Nitric Oxide reacts with oxygen as follows:

2NO + O2  2NO2

The rate law is –[NO]/t = k[NO]2 [O2], where k is 1.16x10-5 L 2 /(mol2 s) at 339C. A vessel contains NO and O2 at 339 C. The initial partial pressure of NO and O2 are 155 mmHg and 345 mmHg respectively. What is the rate of decrease of partial pressure of NO (in mmHg per second)? Hint from the ideal gas law, obtain an expression for the molar concentration of a particular gas in terms of its partial pressure.

To determine the rate of decrease of the partial pressure of nitric oxide (NO) in the given reaction, we can start by using the rate law provided and the ideal gas law to relate the partial pressures to molar concentrations. Let’s break this down step by step.

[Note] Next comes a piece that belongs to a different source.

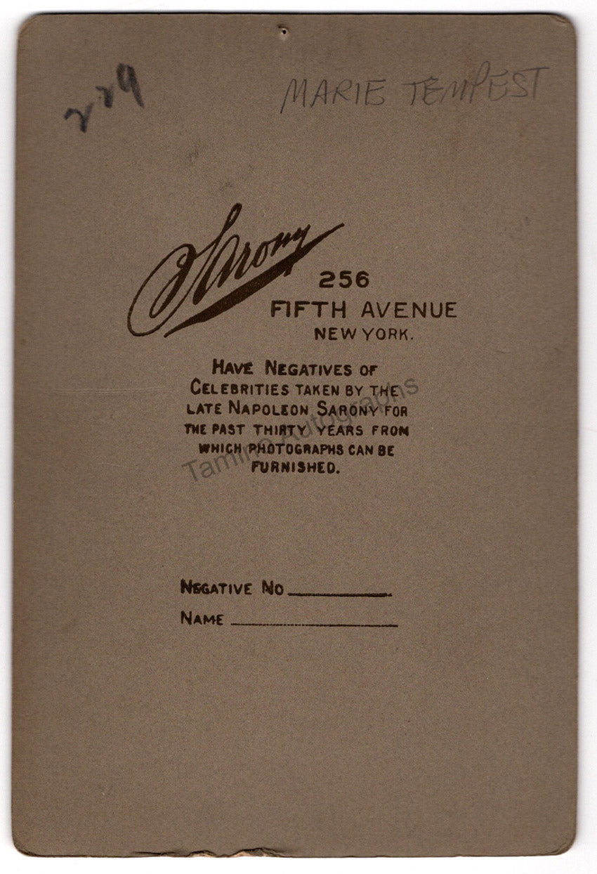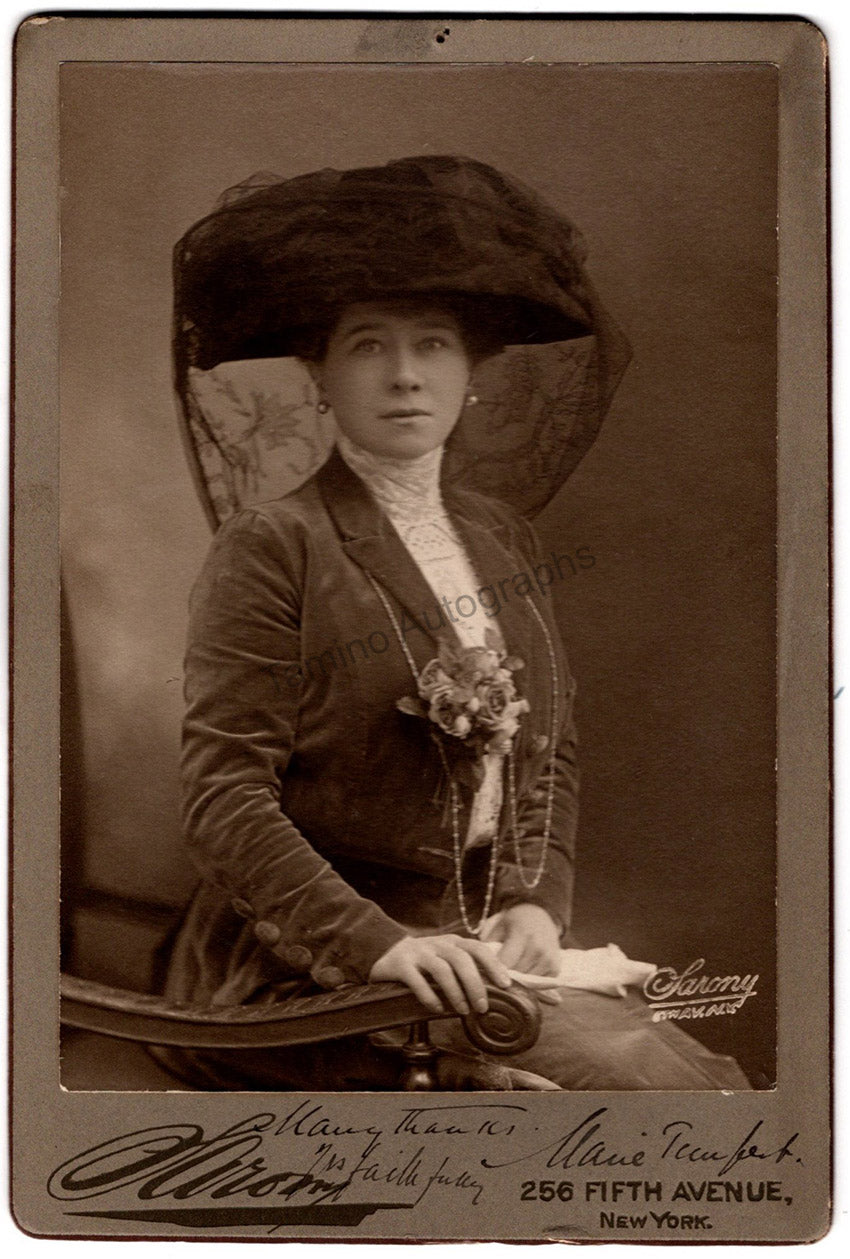 Fantastic cabinet photograph by Sarony (New York) signed by Mrs. Tempest.  Size is 4.4 x 6.5 inches, pinhole over the upper border, marks on verso, in excellent condition.

Understanding the Reaction and Rate Law

The reaction we are considering is:

2NO + O2 → 2NO2

The rate law for this reaction is given as:

-Δ[NO]/Δt = k[NO]^2[O2]

Where:

• k is the rate constant (1.16 x 10^-5 L²/(mol²s))
• [NO] is the molar concentration of NO
• [O2] is the molar concentration of O2

Using the Ideal Gas Law

The ideal gas law states that:

PV = nRT

Where:

• P is the pressure of the gas
• V is the volume
• n is the number of moles
• R is the ideal gas constant (0.0821 L·atm/(K·mol))
• T is the temperature in Kelvin

From this, we can express the molar concentration [C] of a gas in terms of its partial pressure (P) as follows:

[C] = P / (RT)

Calculating Molar Concentrations

First, we need to convert the temperature from Celsius to Kelvin:

T = 339 + 273.15 = 612.15 K

Next, we can calculate the molar concentrations of NO and O2 using their initial partial pressures:

For NO:

[NO] = P_NO / (RT) = 155 mmHg / (0.0821 L·atm/(K·mol) * 612.15 K)

We need to convert mmHg to atm (1 atm = 760 mmHg):

P_NO = 155 mmHg * (1 atm / 760 mmHg) = 0.204 atm

Now substituting into the equation:

[NO] = 0.204 atm / (0.0821 * 612.15) = 0.00405 mol/L

For O2:

[O2] = P_O2 / (RT) = 345 mmHg / (0.0821 L·atm/(K·mol) * 612.15 K)

Converting mmHg to atm:

P_O2 = 345 mmHg * (1 atm / 760 mmHg) = 0.454 atm

Now substituting into the equation:

[O2] = 0.454 atm / (0.0821 * 612.15) = 0.00887 mol/L

Substituting into the Rate Law

Now that we have the concentrations, we can substitute them into the rate law:

-Δ[NO]/Δt = k[NO]^2[O2]

Substituting the values:

-Δ[NO]/Δt = (1.16 x 10^-5 L²/(mol²s)) * (0.00405 mol/L)² * (0.00887 mol/L)

Calculating this gives:

-Δ[NO]/Δt = (1.16 x 10^-5) * (0.0000164) * (0.00887) = 2.06 x 10^-10 mol/L/s

Converting to Partial Pressure Decrease

To find the rate of decrease of partial pressure of NO in mmHg/s, we can use the relationship between concentration and pressure:

ΔP/Δt = Δ[NO] * RT

Substituting the values:

ΔP/Δt = (2.06 x 10^-10 mol/L/s) * (0.0821 L·atm/(K·mol)) * (612.15 K)

Calculating this gives:

ΔP/Δt = 1.02 x 10^-8 atm/s

Finally, converting atm to mmHg:

ΔP/Δt = 1.02 x 10^-8 atm/s * 760 mmHg/atm = 7.77 x 10^-6 mmHg/s

Thus, the rate of decrease of the partial pressure of NO is approximately 7.77 x 10^-6 mmHg/s.